** Opening DATA FOR THE TASK block **

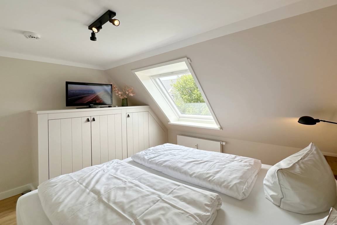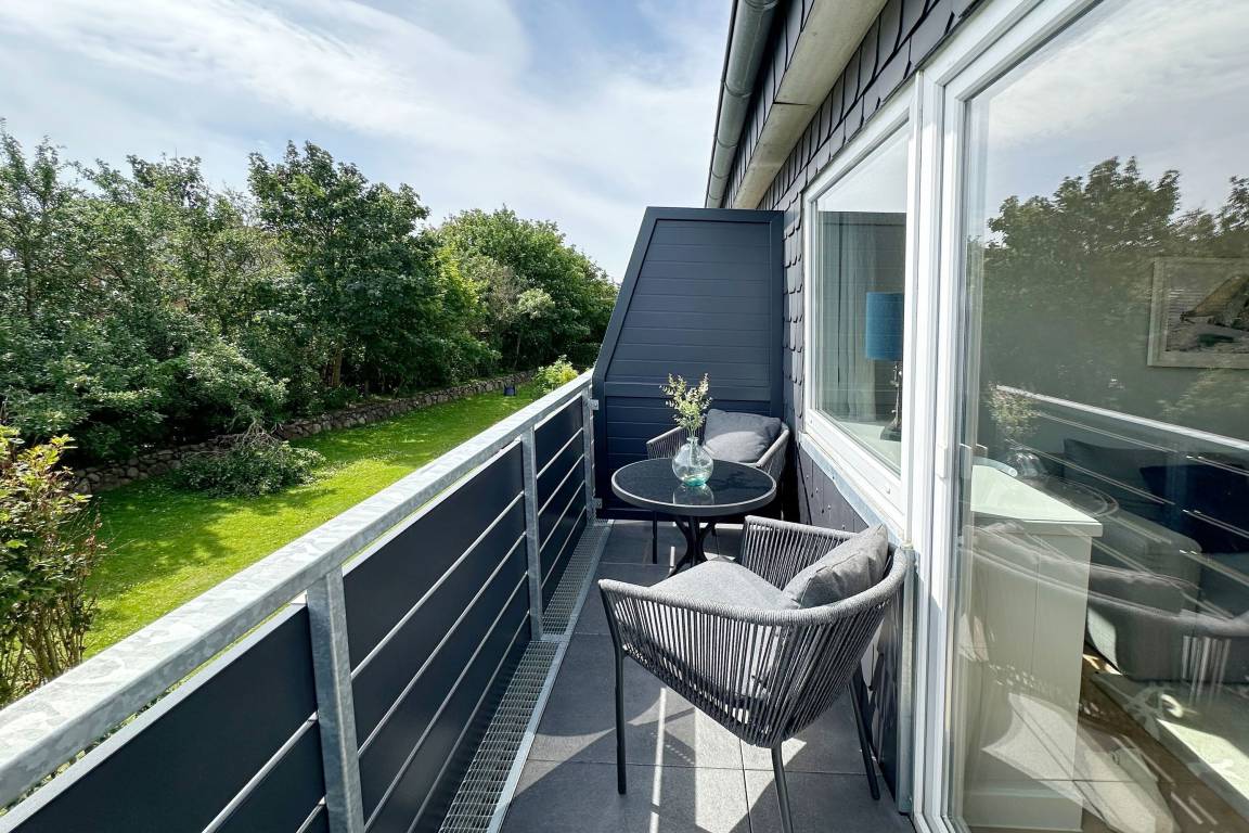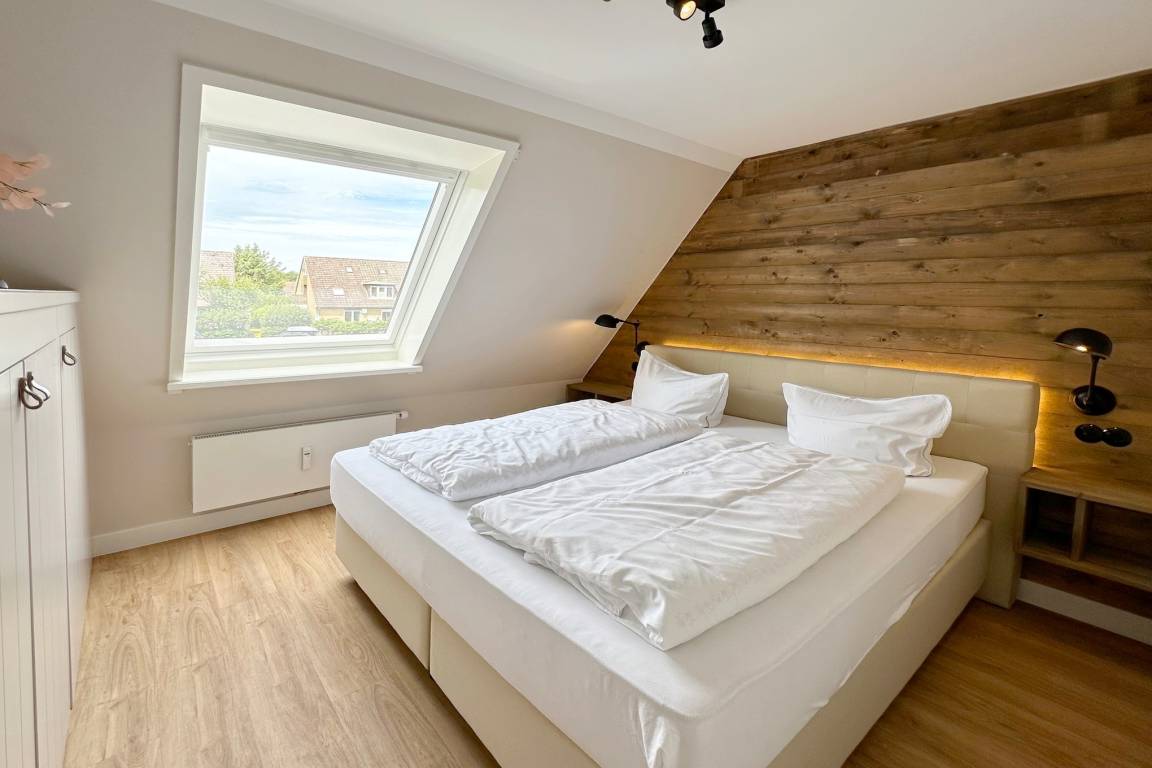 Im Obergeschoss befindet sich der Wohnraum mit Schlafcouch ( ca. 140cm breit ) für 1-2 Kinder, einem Fernseher und W-Lan. Hier gibt es auch einen Essbereich sowie eine offene Küche mit Geschirrspülmaschine, Backofen, Induktionskochfeld, Filterkaffeemaschine, Nespressomaschine und Weinkühlschrank. Der Balkon ist mit Balkonmöbeln ausgestattet (verfügbar von ca. April bis Oktober). Das Schlafzimmer mit Verdunklungsmöglichkeit verfügt über ein Doppelbett (180x200cm), Kleiderschrank und einen Fernseher. Das moderne Duschbad rundet das Angebot ab. Im Haus steht Ihnen gegen Gebühr eine gemeinschaftlich genutzte Waschmaschine zur Verfügung.
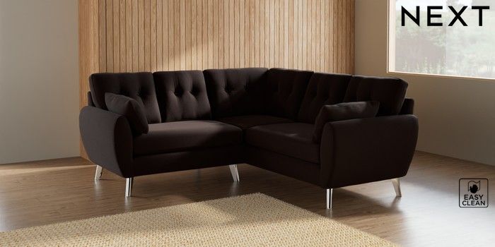 7.2.10 Wilson Buttoned Back Small Corner Sofa - Universal Fine Chenille Easy Clean Chocolate Brown Metal Tapered - Chrome | Made Click here to use our website with more accessibility support, for example screen readers
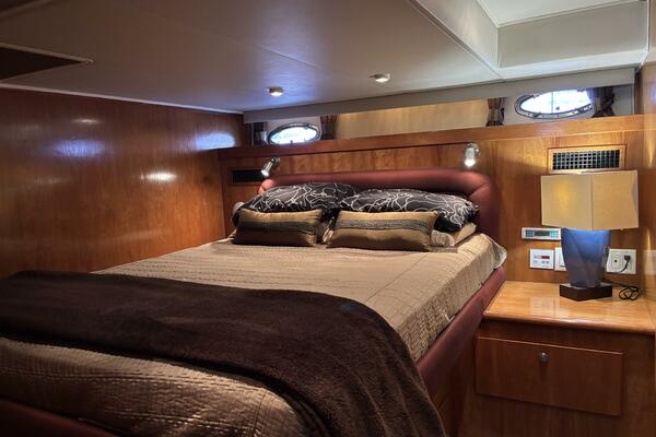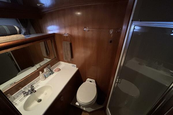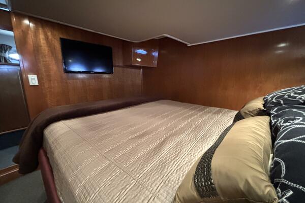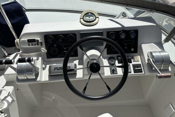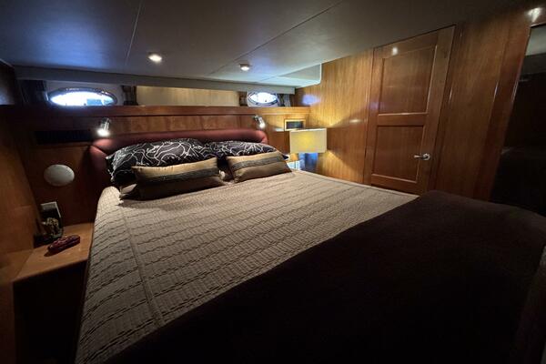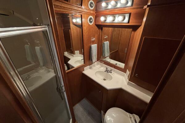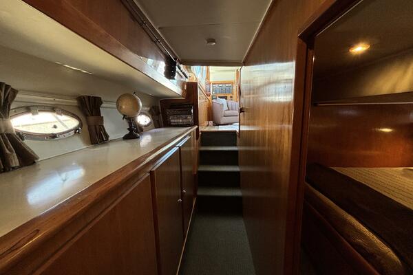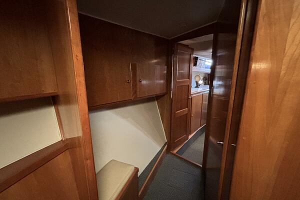 Her twin 305 hp Volvo TAMD63L-A diesels have low 800 hours and have recently been serviced. Her modified V hull is solid glass laminated with Vinylester with a 15-degree deadrise, which allows for faster cruising speeds at lower RPMs. She cruises easily at 15kts and can do over 20kts at full speed. The engine compartment has custom-designed Soundown exhaust system that makes her one of the quietest twin-engine motor yachts available in her class.
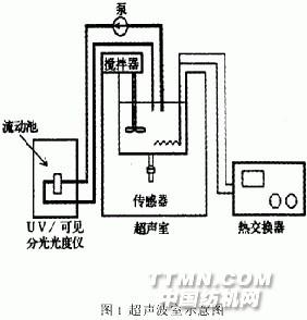 1 實(shí) 驗(yàn) 超聲波發(fā)生器(ShinHanUltrosonicsCo.,Korea):28kHz,154W,不銹鋼圓形室,鈦酸鋇壓電傳感器固定在圓形室的底部。產(chǎn)生超聲波氣穴的合適頻率為5kHz~50kHz。為了測試有超聲波和無超聲波照射下染料分散體中粒度的變化,用蒸餾水配制0.05g/l的染料溶液,將染料分散體循環(huán)放入U(xiǎn)V/可見分光光度儀(Unicam8700,U.K.)中的1cm流動池中,測染料分散體的濁度光譜。圖1所示為儀器的各部件分布。用粒度分析儀(Mastersizer,Malvern,U.K.)在50℃下測有超聲波和無超聲波照射下的粒度變化。
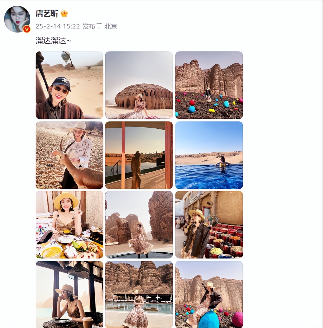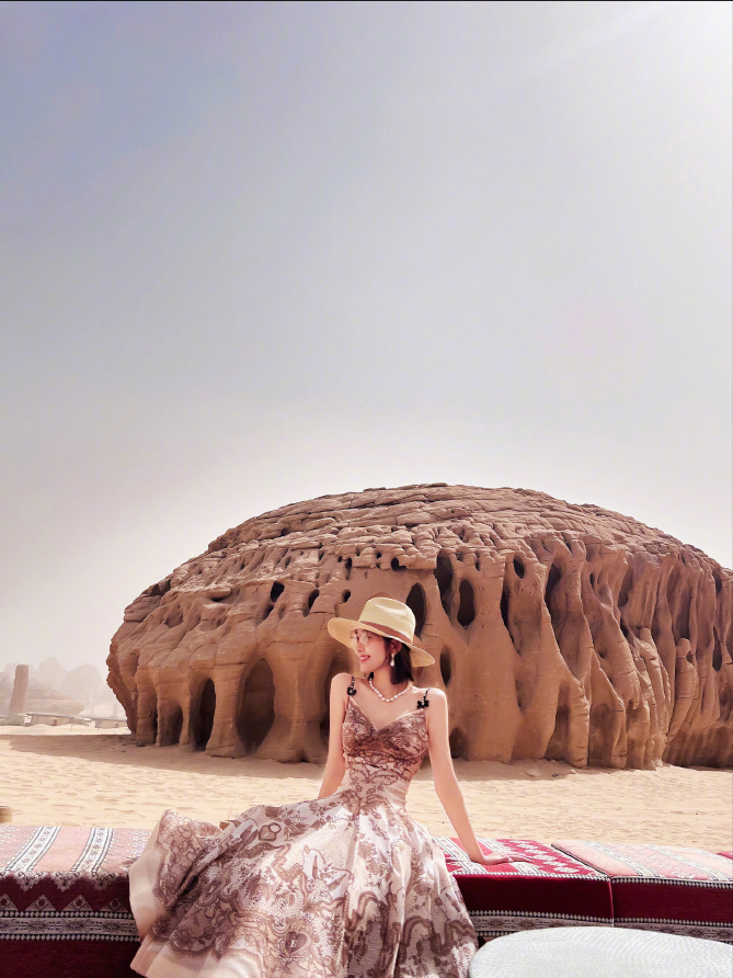 当天,唐艺昕穿着一袭印花长裙,坐在沙漠中的石桌旁,微风轻轻拂过她的发丝。远处是浩瀚的沙丘,而她与沙漠之间的距离仿佛被拉近了,裙摆在风中轻轻飘动,整个人显得既自由又优雅。情人节当天,她选择独自一人在这片沙漠中“溜达”,寻找自己内心的平静,也许这正是她想与大家分享的情人节心境。
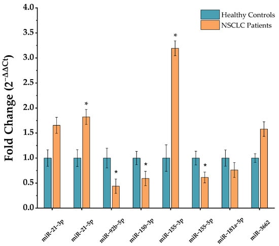 Selected-miRNA relative expression in NSCLC and healthy control PBMCs. Data were normalized to housekeeping miRNAs 103a-3p and 191-5p, and further NSCLC miRNA expression calculated relatively to a healthy control expression value of 1 (mean ± SD, * p < 0.05). Data population after outlier exclusion for multiple miRNAs was: miR-21-3p (control n = 19, NSCLC n = 23); miR-21-5p (control n = 21, NSCLC n = 50); miR-92b-5p (control n = 20, NSCLC n = 45); miR-150-3p (control n = 19, NSCLC n = 45); miR-155-3p (control n = 20; NSCLC n = 45); miR-155-5p (control n = 12; NSCLC n = 21); miR-181a-5p (control n = 10, NSCLC n = 18); and miR-3662 (control n = 10; NSCLC n = 18).
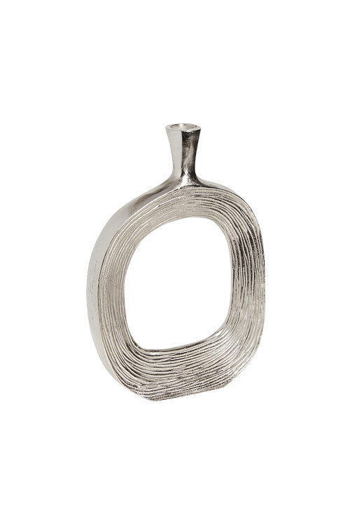 Short Silver Metal Vase with Stripes. A stunning blend of contemporary design and elegance. Crafted with precision, this exquisite vase features sleek silver strips that wrap around its metal body, creating a visually striking pattern. Its compact size makes it perfect for showcasing single stems or small floral arrangements. The versatile design seamlessly fits into any interior style, adding a touch of modern sophistication. The durable metal construction ensures stability and longevity. Elevate your home decor with the Short Silver Metal Vase with Stripes, a captivating piece that brings beauty and style to any space.
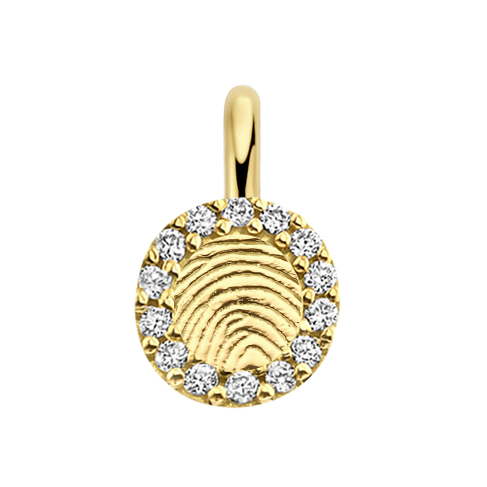 Deze ronde Halo hanger is gemaakt van 14 karaats goud en wordt voorzien van een verfijnde 3D-vingerafdruk. De afdruk wordt niet gelaserd, maar met innovatieve 3D-techniek in reliƫf verwerkt, waardoor een tastbaar en voelbaar sieraad ontstaat. De hanger is omlijst door een schitterende halo van diamanten, die de vingerafdruk extra laten stralen. Zo ontstaat een uniek herinneringssieraad dat luxe en emotie subtiel combineert, een fonkelende manier om dierbare momenten altijd dichtbij te dragen.
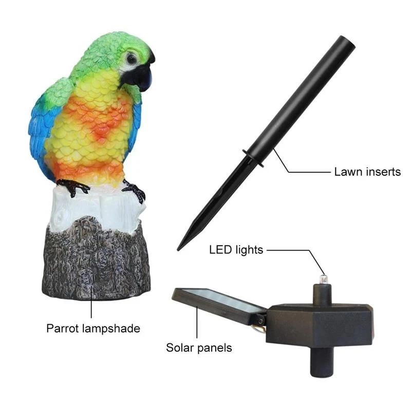 Светодиодный уличный светильник на солнечной батарее, водонепроницаемый ночсветильник в виде попугая, лампа на колышке для газона, Рождественское украшение для дома
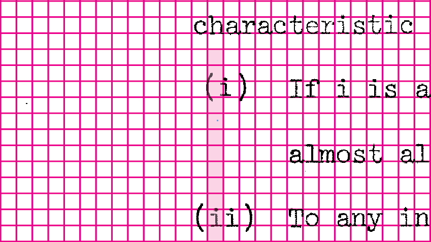 Look closely at the positions of the characters in this Page 50 highlight.  Focusing horizontally across each line, it is not a surprise that the characters fit so neatly into our 1/12” grid.  The thesis was typed on a 12 Pitch machine, which meant that the typewriter was set to type 12 characters per inch as a standard.
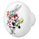 Alice in Wonderland character, the white rabbit with his trumpet, scroll, and wearing his robe with red and black hearts. Fun fairy tale theme.
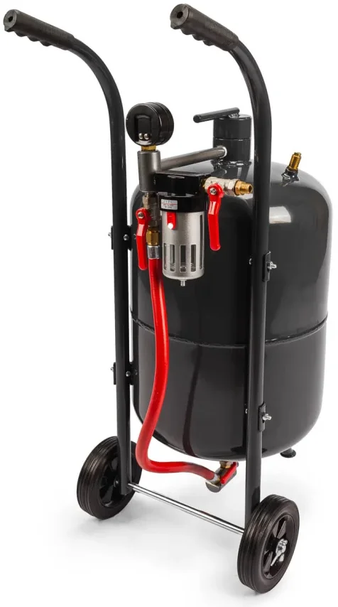 Пескоструйные аппараты предназначены для очистки воздушно-пескоструйным способом внутренних и наружных поверхностей от старой краски, ржавчины, окалины, различного рода загрязнений, обезжиривания поверхностей при ремонте зданий, а также для подготовки поверхности под покраску при ремонтных работах на энергетических, судоремонтных, автомобильных сервисах и других ремонтных и производственных предприятиях. В комплект входит пистолет с комплектом форсунок, шланг, воронка для загрузки абразива и маска. Для подключения потребуется компрессор. Применяемый абразив: песок речной, кварцевый песок, электрокорунд.
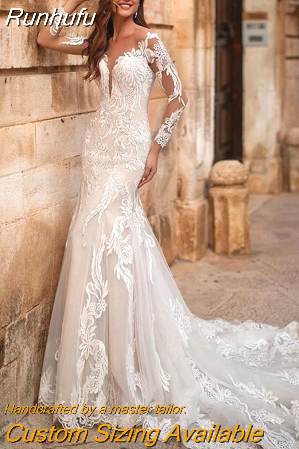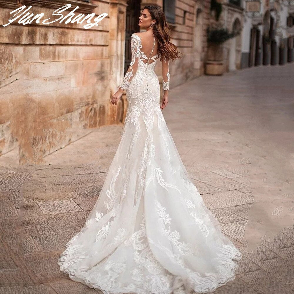 Runhufu V-Neck Mermaid Wedding Dress 2023 Long Sleeve Lace Appliques Bride Gown Backless Train Illusion Vestidos De Noiva
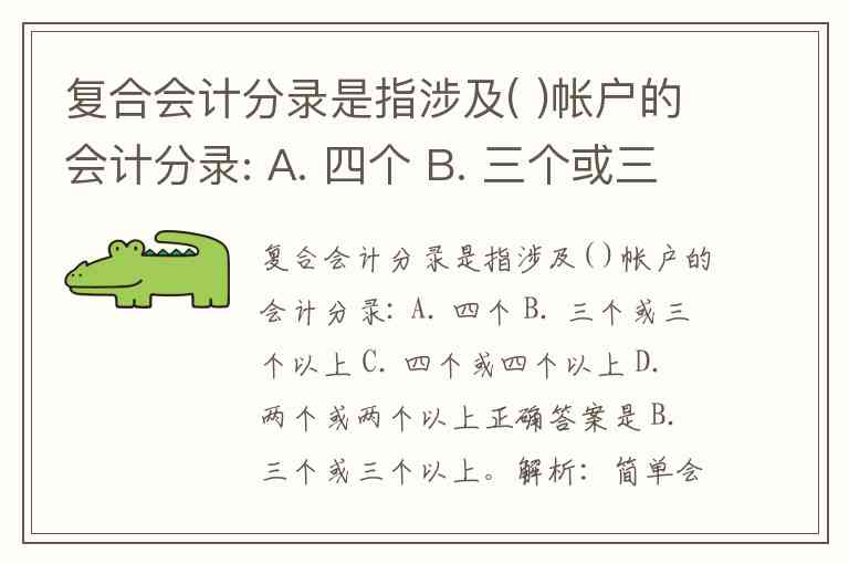 复合会计分录是指涉及( )帐户的会计分录: A. 四个 B. 三个或三个以上 C. 四个或四个以上 D. 两个或两个以上
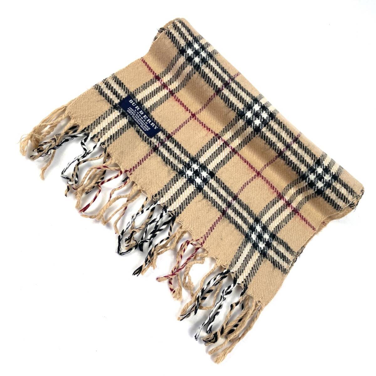 > t1616 バーバリーロンドン マフラーカシミア100% ベージュ ノバチェック イングランド製 レディース メンズ 男女兼用
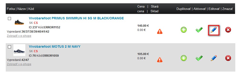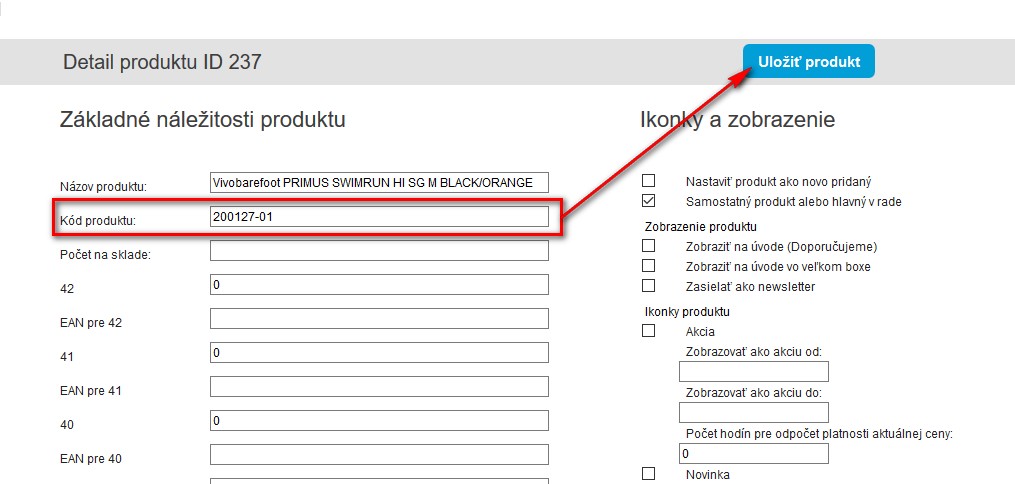 Následne editujte produkt, produkt podľa názvu vyhľadajte vo vašom MK softe a zapíšte namiesto kódu produktu "error", kód zadaný v MKsofte a kliknite na uložiť.
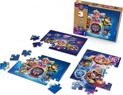 Acest set de puzzle-uri din lemn aduce aventura din filmul PAW PATROL The Mighty Movie direct în camera copilului. Fiecare dintre cele trei motive prezintă personaje îndrăgite în misiuni eroice, iar datorită pieselor solide din lemn se potrivesc perfect în mâinile copiilor. Imaginile sunt clare, intens colorate și, după asamblare, au dimensiunea de 27,9 × 20,8 cm.

** Closing DATA FOR THE TASK block **

### [INSTRUCTIONS FOR THE TASK]
Nothing but the text is wanted: repeat the data above exactly, without its images.

### [REPLY TO THE EXERCISE]
 Im Obergeschoss befindet sich der Wohnraum mit Schlafcouch ( ca. 140cm breit ) für 1-2 Kinder, einem Fernseher und W-Lan. Hier gibt es auch einen Essbereich sowie eine offene Küche mit Geschirrspülmaschine, Backofen, Induktionskochfeld, Filterkaffeemaschine, Nespressomaschine und Weinkühlschrank. Der Balkon ist mit Balkonmöbeln ausgestattet (verfügbar von ca. April bis Oktober). Das Schlafzimmer mit Verdunklungsmöglichkeit verfügt über ein Doppelbett (180x200cm), Kleiderschrank und einen Fernseher. Das moderne Duschbad rundet das Angebot ab. Im Haus steht Ihnen gegen Gebühr eine gemeinschaftlich genutzte Waschmaschine zur Verfügung.
 7.2.10 Wilson Buttoned Back Small Corner Sofa - Universal Fine Chenille Easy Clean Chocolate Brown Metal Tapered - Chrome | Made Click here to use our website with more accessibility support, for example screen readers
 Her twin 305 hp Volvo TAMD63L-A diesels have low 800 hours and have recently been serviced. Her modified V hull is solid glass laminated with Vinylester with a 15-degree deadrise, which allows for faster cruising speeds at lower RPMs. She cruises easily at 15kts and can do over 20kts at full speed. The engine compartment has custom-designed Soundown exhaust system that makes her one of the quietest twin-engine motor yachts available in her class.
 1 實(shí) 驗(yàn) 超聲波發(fā)生器(ShinHanUltrosonicsCo.,Korea):28kHz,154W,不銹鋼圓形室,鈦酸鋇壓電傳感器固定在圓形室的底部。產(chǎn)生超聲波氣穴的合適頻率為5kHz~50kHz。為了測試有超聲波和無超聲波照射下染料分散體中粒度的變化,用蒸餾水配制0.05g/l的染料溶液,將染料分散體循環(huán)放入U(xiǎn)V/可見分光光度儀(Unicam8700,U.K.)中的1cm流動池中,測染料分散體的濁度光譜。圖1所示為儀器的各部件分布。用粒度分析儀(Mastersizer,Malvern,U.K.)在50℃下測有超聲波和無超聲波照射下的粒度變化。
 当天,唐艺昕穿着一袭印花长裙,坐在沙漠中的石桌旁,微风轻轻拂过她的发丝。远处是浩瀚的沙丘,而她与沙漠之间的距离仿佛被拉近了,裙摆在风中轻轻飘动,整个人显得既自由又优雅。情人节当天,她选择独自一人在这片沙漠中“溜达”,寻找自己内心的平静,也许这正是她想与大家分享的情人节心境。
 Selected-miRNA relative expression in NSCLC and healthy control PBMCs. Data were normalized to housekeeping miRNAs 103a-3p and 191-5p, and further NSCLC miRNA expression calculated relatively to a healthy control expression value of 1 (mean ± SD, * p < 0.05). Data population after outlier exclusion for multiple miRNAs was: miR-21-3p (control n = 19, NSCLC n = 23); miR-21-5p (control n = 21, NSCLC n = 50); miR-92b-5p (control n = 20, NSCLC n = 45); miR-150-3p (control n = 19, NSCLC n = 45); miR-155-3p (control n = 20; NSCLC n = 45); miR-155-5p (control n = 12; NSCLC n = 21); miR-181a-5p (control n = 10, NSCLC n = 18); and miR-3662 (control n = 10; NSCLC n = 18).
 Short Silver Metal Vase with Stripes. A stunning blend of contemporary design and elegance. Crafted with precision, this exquisite vase features sleek silver strips that wrap around its metal body, creating a visually striking pattern. Its compact size makes it perfect for showcasing single stems or small floral arrangements. The versatile design seamlessly fits into any interior style, adding a touch of modern sophistication. The durable metal construction ensures stability and longevity. Elevate your home decor with the Short Silver Metal Vase with Stripes, a captivating piece that brings beauty and style to any space.
 Deze ronde Halo hanger is gemaakt van 14 karaats goud en wordt voorzien van een verfijnde 3D-vingerafdruk. De afdruk wordt niet gelaserd, maar met innovatieve 3D-techniek in reliƫf verwerkt, waardoor een tastbaar en voelbaar sieraad ontstaat. De hanger is omlijst door een schitterende halo van diamanten, die de vingerafdruk extra laten stralen. Zo ontstaat een uniek herinneringssieraad dat luxe en emotie subtiel combineert, een fonkelende manier om dierbare momenten altijd dichtbij te dragen.
 Светодиодный уличный светильник на солнечной батарее, водонепроницаемый ночсветильник в виде попугая, лампа на колышке для газона, Рождественское украшение для дома
 Look closely at the positions of the characters in this Page 50 highlight.  Focusing horizontally across each line, it is not a surprise that the characters fit so neatly into our 1/12” grid.  The thesis was typed on a 12 Pitch machine, which meant that the typewriter was set to type 12 characters per inch as a standard.
 Alice in Wonderland character, the white rabbit with his trumpet, scroll, and wearing his robe with red and black hearts. Fun fairy tale theme.
 Пескоструйные аппараты предназначены для очистки воздушно-пескоструйным способом внутренних и наружных поверхностей от старой краски, ржавчины, окалины, различного рода загрязнений, обезжиривания поверхностей при ремонте зданий, а также для подготовки поверхности под покраску при ремонтных работах на энергетических, судоремонтных, автомобильных сервисах и других ремонтных и производственных предприятиях. В комплект входит пистолет с комплектом форсунок, шланг, воронка для загрузки абразива и маска. Для подключения потребуется компрессор. Применяемый абразив: песок речной, кварцевый песок, электрокорунд.
 Runhufu V-Neck Mermaid Wedding Dress 2023 Long Sleeve Lace Appliques Bride Gown Backless Train Illusion Vestidos De Noiva
 复合会计分录是指涉及( )帐户的会计分录: A. 四个 B. 三个或三个以上 C. 四个或四个以上 D. 两个或两个以上
 > t1616 バーバリーロンドン マフラーカシミア100% ベージュ ノバチェック イングランド製 レディース メンズ 男女兼用
 Následne editujte produkt, produkt podľa názvu vyhľadajte vo vašom MK softe a zapíšte namiesto kódu produktu "error", kód zadaný v MKsofte a kliknite na uložiť.
 Acest set de puzzle-uri din lemn aduce aventura din filmul PAW PATROL The Mighty Movie direct în camera copilului. Fiecare dintre cele trei motive prezintă personaje îndrăgite în misiuni eroice, iar datorită pieselor solide din lemn se potrivesc perfect în mâinile copiilor. Imaginile sunt clare, intens colorate și, după asamblare, au dimensiunea de 27,9 × 20,8 cm.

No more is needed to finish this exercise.